Las autoridades ordenaron evacuaciones el martes en una zona rural de Texas donde un incendio forestal ha crecido enormemente, arrasando tierras y obligando a escuelas a retrasar o cancelar las clases.

El incendio, que comenzó a primera hora de la tarde del lunes, ha atravesado más de 200 kilómetros cuadrados (78 millas cuadradas) en zonas poco pobladas de dos condados del centro-norte de Texas.

Condiciones favorables al fuego permitieron que el incendio se ensanchara en cuestión de horas, indicó Amy Meyer, portavoz del distrito de servicios de emergencia del condado de Palo Pinto. “Estamos muy secos”, expresó.

En los últimos días han surgido incendios forestales en todo el sur y el oeste de Estados Unidos, mientras persisten condiciones extremadamente secas. Tan solo el domingo se reportaron una docena de nuevos incendios grandes, informó el Centro Nacional Interagencial de Incendios.

En todo el país, se han registrado más de 50.000 incendios forestales en lo que va del año, la cifra más alta de los últimos 10 años para el mismo periodo, según el centro.

Los bomberos en Nevada avanzaban en frenar un incendio que obligó a miles de personas a evacuar en Reno durante el fin de semana, después de que las llamas se propagaran peligrosamente cerca de vecindarios densamente poblados.

El incendio Hawk ha destruido más de 30 viviendas en unas 60 kilómetros cuadrados (23 millas cuadradas). Las autoridades de Nevada informaron el lunes que el incendio estaba contenido en un 27%.

El número de residentes en el área de Reno bajo órdenes y advertencias de evacuación bajó a unos 63.000, frente a más de 90.000 personas. El incendio cerca de la frontera estatal con California comenzó el sábado y creció rápidamente el domingo. Al menos siete personas —tres socorristas y cuatro civiles— resultaron heridas.
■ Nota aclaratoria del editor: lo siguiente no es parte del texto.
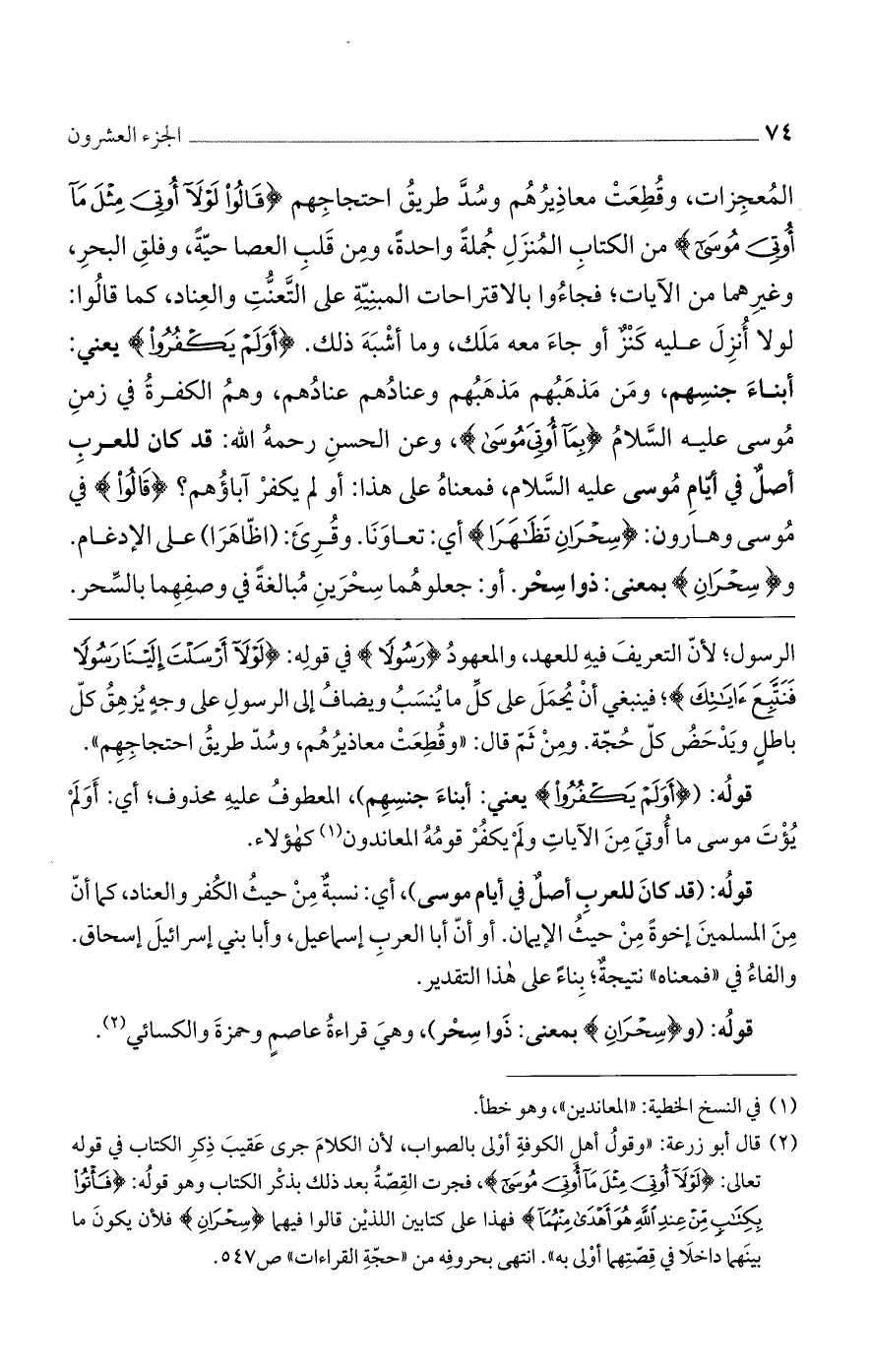 قولُه: (و {سِحْرَانِ} بمعنى: ذَوا سِحْر)، وهيَ قراءةُ عاصمٍ وحمزةَ والكسائي.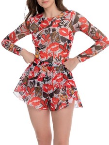 Купальник プリント スプリット水着 ツーピース サンプロテクション ショーツ メッシュ ロシア水着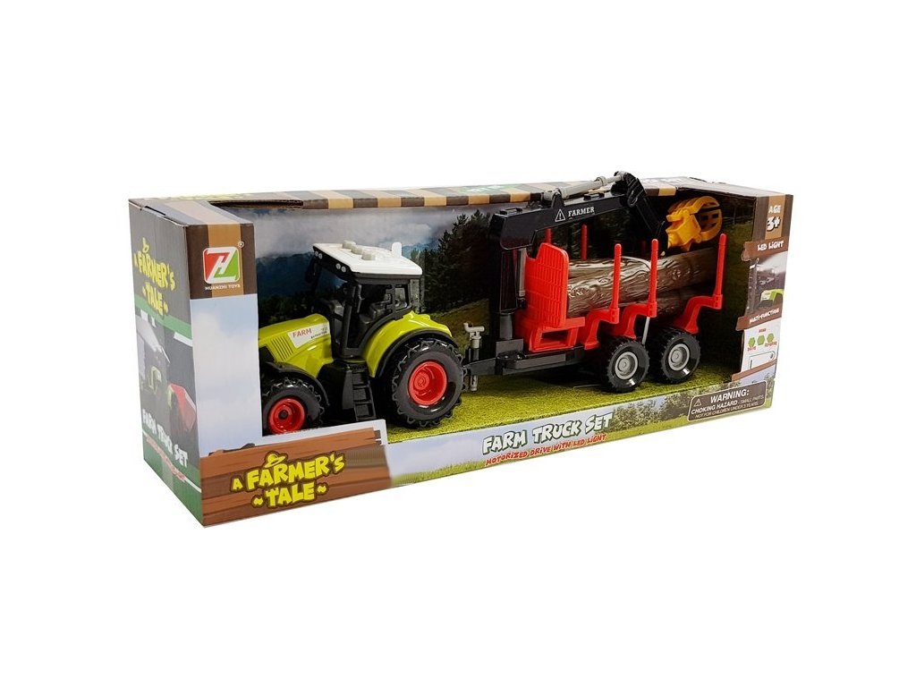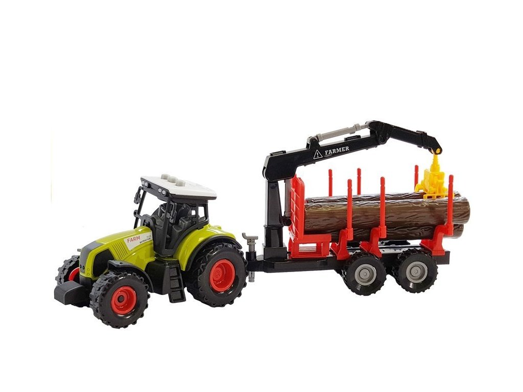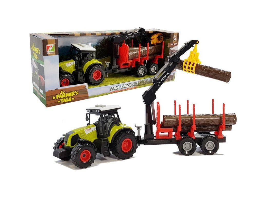 Traktor s vlečkou na dřevo a pohyblivým ramenem. Traktor nadchne všechny fanoušky zemědělství a lesnictví. Traktor je precizně vyrobený, je jedinečnou hračkou.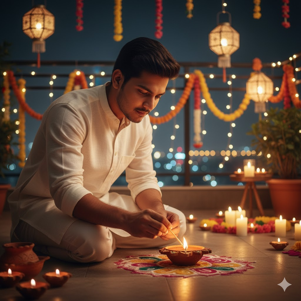 Ultra realistic 4K HD Diwali festival scene. a handsome vouna man wearina a stvlish traditional lilen shirt, gracefully lighting an earthen diya lamp. His face must remain exactly the same as in the reference photo, no face change. Background is outdoor with a modern festive look - balcony or terrace decorated with fairy lights, lanterns, glowing candles, flower garlands, and elegant rangoli Warm golden cinematic lighting, natural skin tone, high quality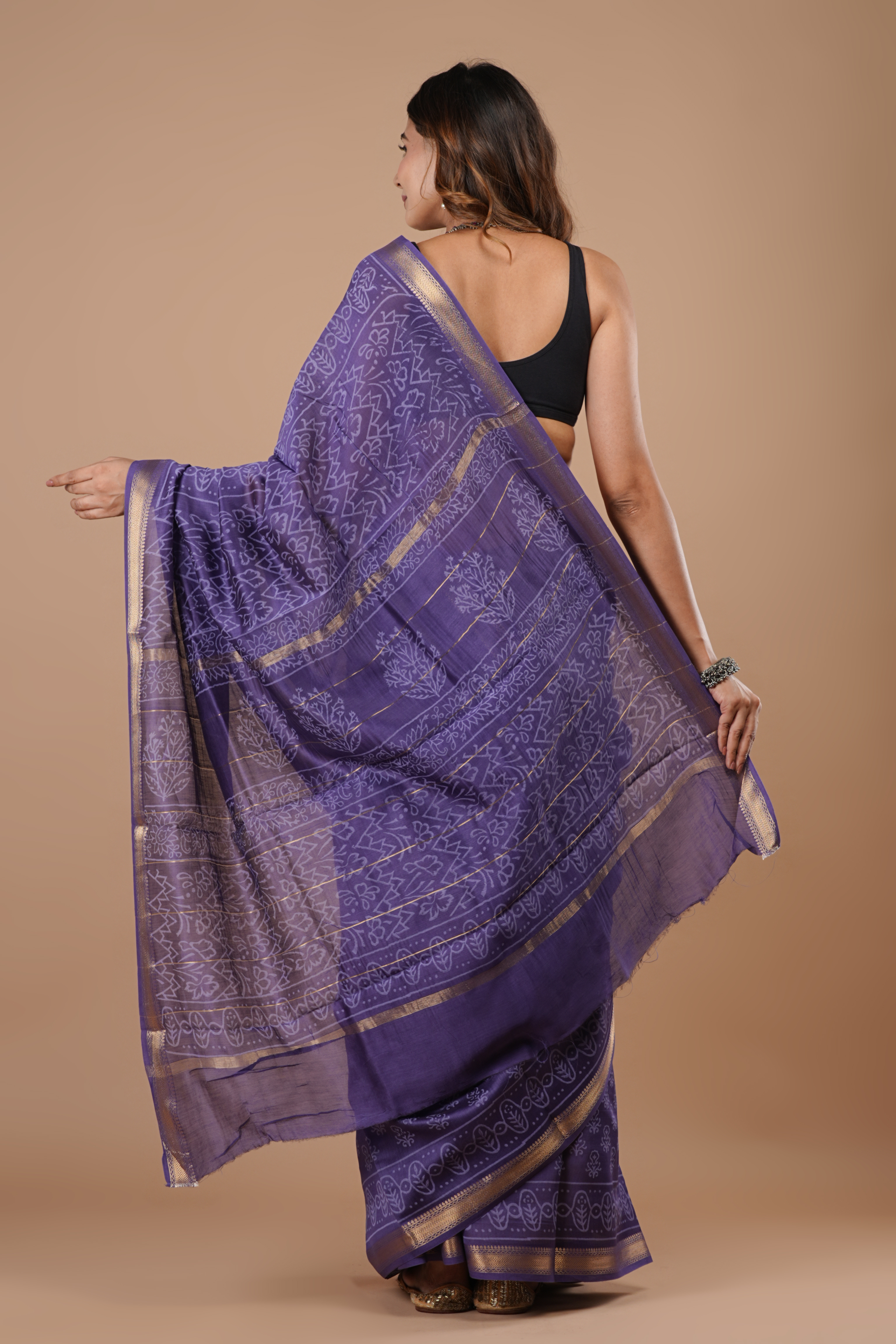 Royal Purple Printed Maheshwari Silk Saree, featuring delicate traditional motifs beautifully spread across a rich purple base. Crafted from lightweight Maheshwari silk, the saree offers a soft texture and graceful drape. The subtle antique gold border enhances its classic appeal, making it an ideal choice for festive celebrations, cultural gatherings, and elegant evening occasions.

Las autoridades de incendios en Reno atribuyen el incendio Hawk a la actividad humana y señalan que fue provocado de manera intencional o accidental.

En Texas, el incendio Ross estaba solo ligeramente contenido mientras avanzaba por tierras de ranchos a unos 96 kilómetros (60 millas) al oeste de Fort Worth. Al menos cinco estructuras han sido destruidas, según funcionarios del condado de Palo Pinto.

Las autoridades abrieron centros de evacuación y algunas escuelas cerraron el martes. Ganaderos y una comisión de ganadería ofrecían graneros para albergar temporalmente a los animales que necesitan ser evacuados.

Los responsables de emergencias esperan que el incendio siga creciendo el martes a medida que las temperaturas aumenten durante el día.